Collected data

=-=-=

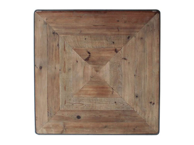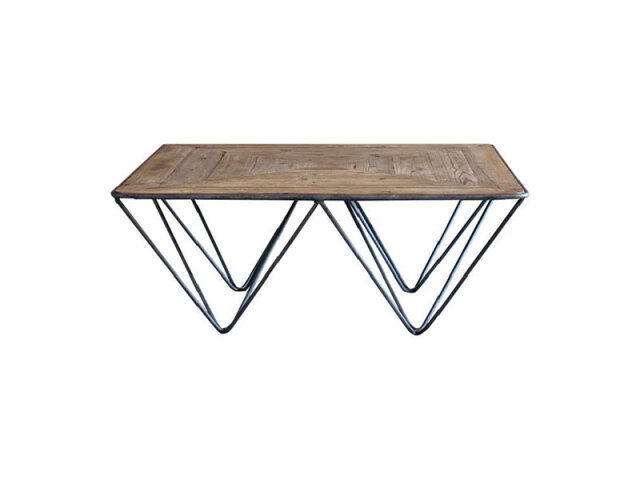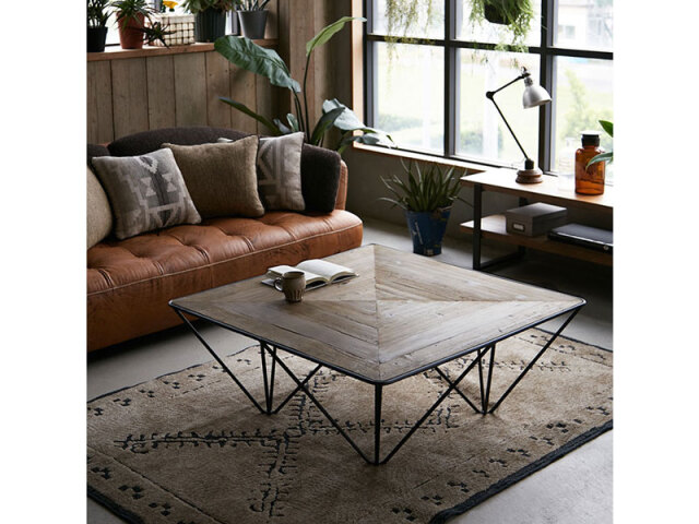 脚部の幾何学的なスチールフレームが目を引くコーヒーテーブルです。テーブルトップの木組みにもこだわりました。古材特有の質感とヴィンテージ加工を施したスチールフレームは重厚な雰囲気をつくります。
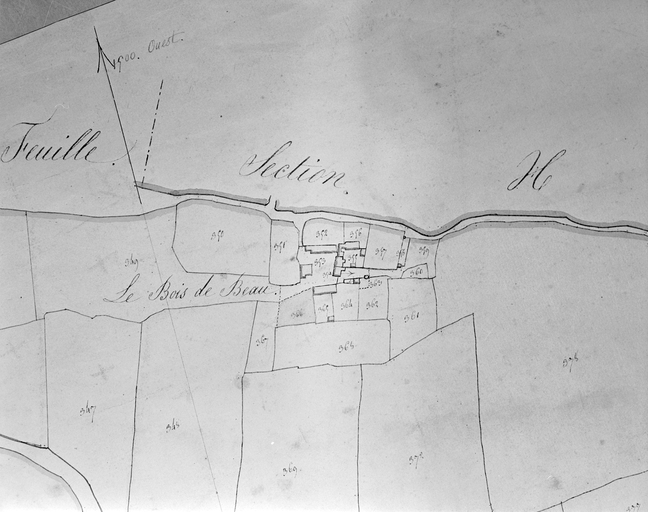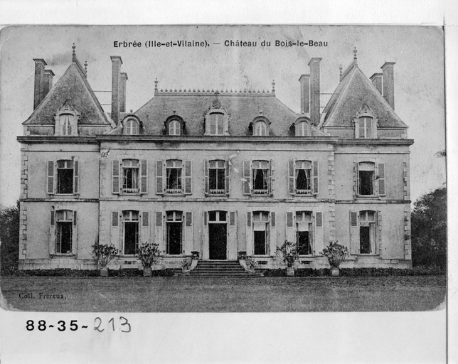 Château construit à l'ouest de l'emplacement d'un manoir plus ancien figurant sur le cadastre de 1824. Le corps central du château a été construit en 1842 ainsi que les communs au nord et l'orangerie à l'ouest, pour la famille de La Plesse, de Vitré. En 1872, construction d'une serre chauffée et d'un atelier d'artiste, pour Alexandre de La Plesse. En 1875, ajout de deux pavillons aux extrémités du logis et construction d'une écurie à l'est et d'une conciergerie en forme de chalet au sud, travaux peut-être attribuables à Jacques Mellet. La chapelle, de style néo-roman, est construite entre 1890 et 1900, peut-être par Henri Mellet, architecte à Rennes. Le Bois-Beau est conçu comme une maison des champs, le corps central étant accosté de 2 aile basses formant terrasse, entre deux ailes de communs de style néo-toscan. Ajout d'un étage et de toits en pavillon à la française sur les ailes latérales en 1880, d'une conciergerie en forme de chalet (2 logements), puis d'une chapelle en 1890, en font un véritable petit château. Appartient aujourd'hui à Mme de Coquereaumont.
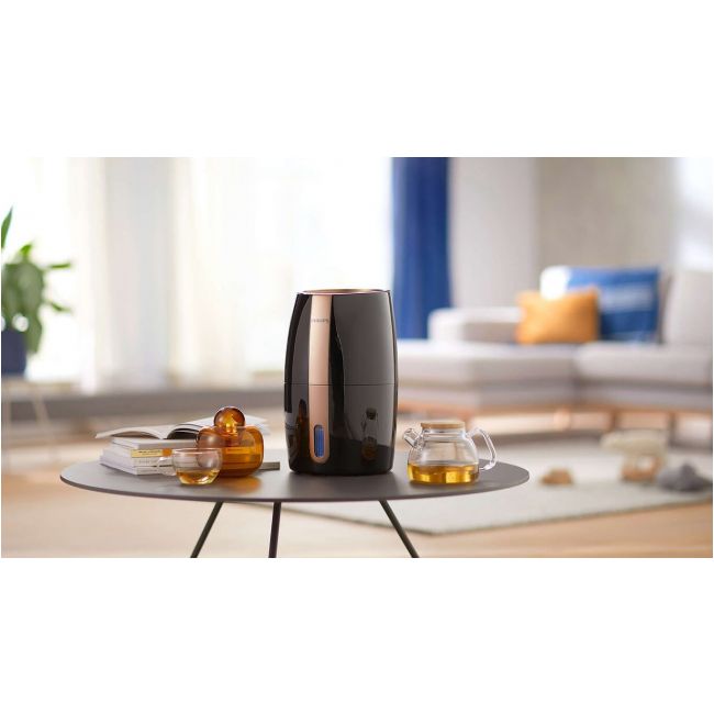 Inteligentny czujnik nieustannie monitoruje wilgotność powietrza i automatycznie utrzymuje jego stałe nawilżanie. Wystarczy wybrać preferowany poziom – 40%, 50% lub 60%. Można wybrać też tryb automatyczny, a nawilżacz sam dopasuje odpowiednie nawilżenie. Za pomocą kolorowego wskaźnika można monitorować czy powietrze w domu osiągnęło już ustawiony przez nas poziom wilgotności.
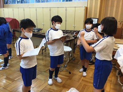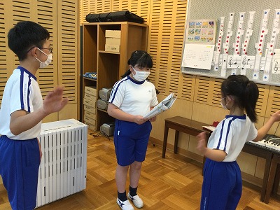 さて、音楽室では、友達の指揮に合わせて歌唱する時間を過ごしました。
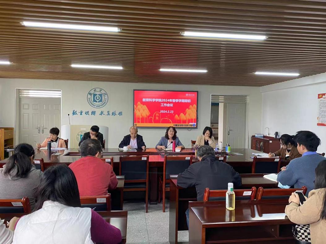 新年伊始,2024年2月23日上午,教育科学学院在旭日楼621会议室召开春季学期工作推进会,对新学期有关工作作出相关部署。学院全体教师参加了本次会议。
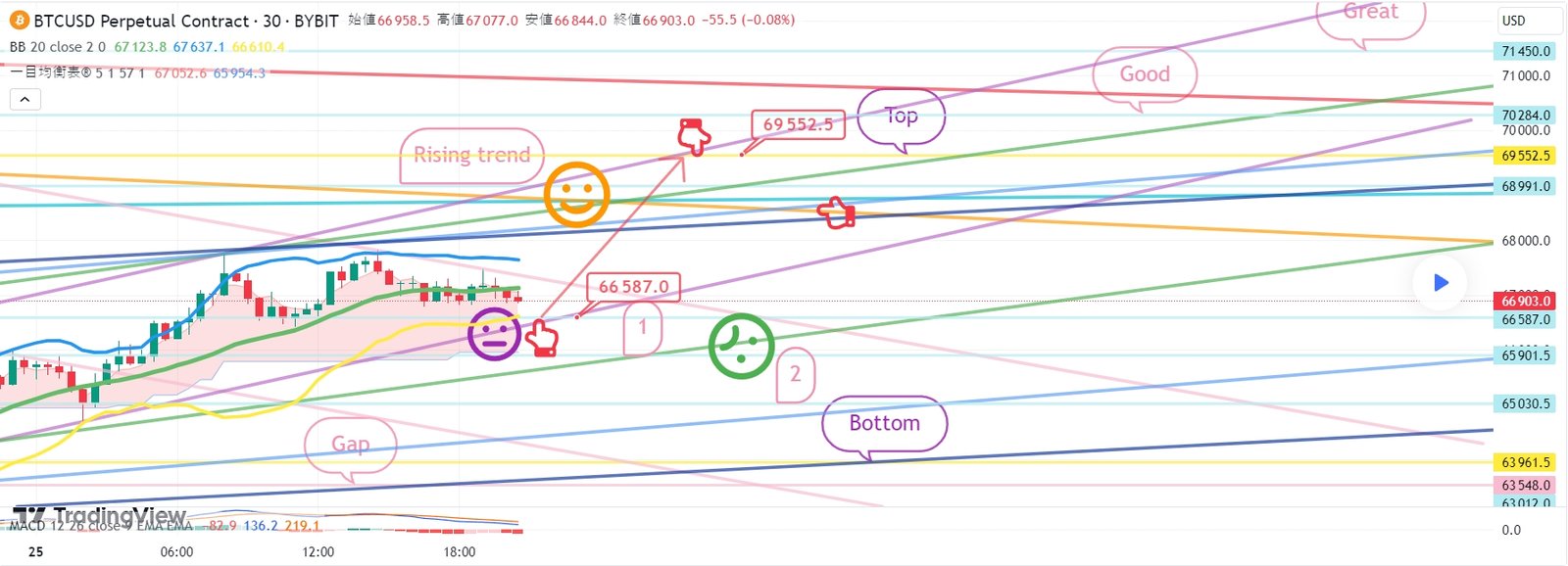 2. 69552.5ブルロングポジション1次ターゲット -> Good 2次ターゲット

=-=-=

TASK BRIEF:
All of the data, minus its pictures, should be repeated exactly.

RESPONSE AREA:
 脚部の幾何学的なスチールフレームが目を引くコーヒーテーブルです。テーブルトップの木組みにもこだわりました。古材特有の質感とヴィンテージ加工を施したスチールフレームは重厚な雰囲気をつくります。
 Château construit à l'ouest de l'emplacement d'un manoir plus ancien figurant sur le cadastre de 1824. Le corps central du château a été construit en 1842 ainsi que les communs au nord et l'orangerie à l'ouest, pour la famille de La Plesse, de Vitré. En 1872, construction d'une serre chauffée et d'un atelier d'artiste, pour Alexandre de La Plesse. En 1875, ajout de deux pavillons aux extrémités du logis et construction d'une écurie à l'est et d'une conciergerie en forme de chalet au sud, travaux peut-être attribuables à Jacques Mellet. La chapelle, de style néo-roman, est construite entre 1890 et 1900, peut-être par Henri Mellet, architecte à Rennes. Le Bois-Beau est conçu comme une maison des champs, le corps central étant accosté de 2 aile basses formant terrasse, entre deux ailes de communs de style néo-toscan. Ajout d'un étage et de toits en pavillon à la française sur les ailes latérales en 1880, d'une conciergerie en forme de chalet (2 logements), puis d'une chapelle en 1890, en font un véritable petit château. Appartient aujourd'hui à Mme de Coquereaumont.
 Inteligentny czujnik nieustannie monitoruje wilgotność powietrza i automatycznie utrzymuje jego stałe nawilżanie. Wystarczy wybrać preferowany poziom – 40%, 50% lub 60%. Można wybrać też tryb automatyczny, a nawilżacz sam dopasuje odpowiednie nawilżenie. Za pomocą kolorowego wskaźnika można monitorować czy powietrze w domu osiągnęło już ustawiony przez nas poziom wilgotności.
 さて、音楽室では、友達の指揮に合わせて歌唱する時間を過ごしました。
 新年伊始,2024年2月23日上午,教育科学学院在旭日楼621会议室召开春季学期工作推进会,对新学期有关工作作出相关部署。学院全体教师参加了本次会议。
 2. 69552.5ブルロングポジション1次ターゲット -> Good 2次ターゲット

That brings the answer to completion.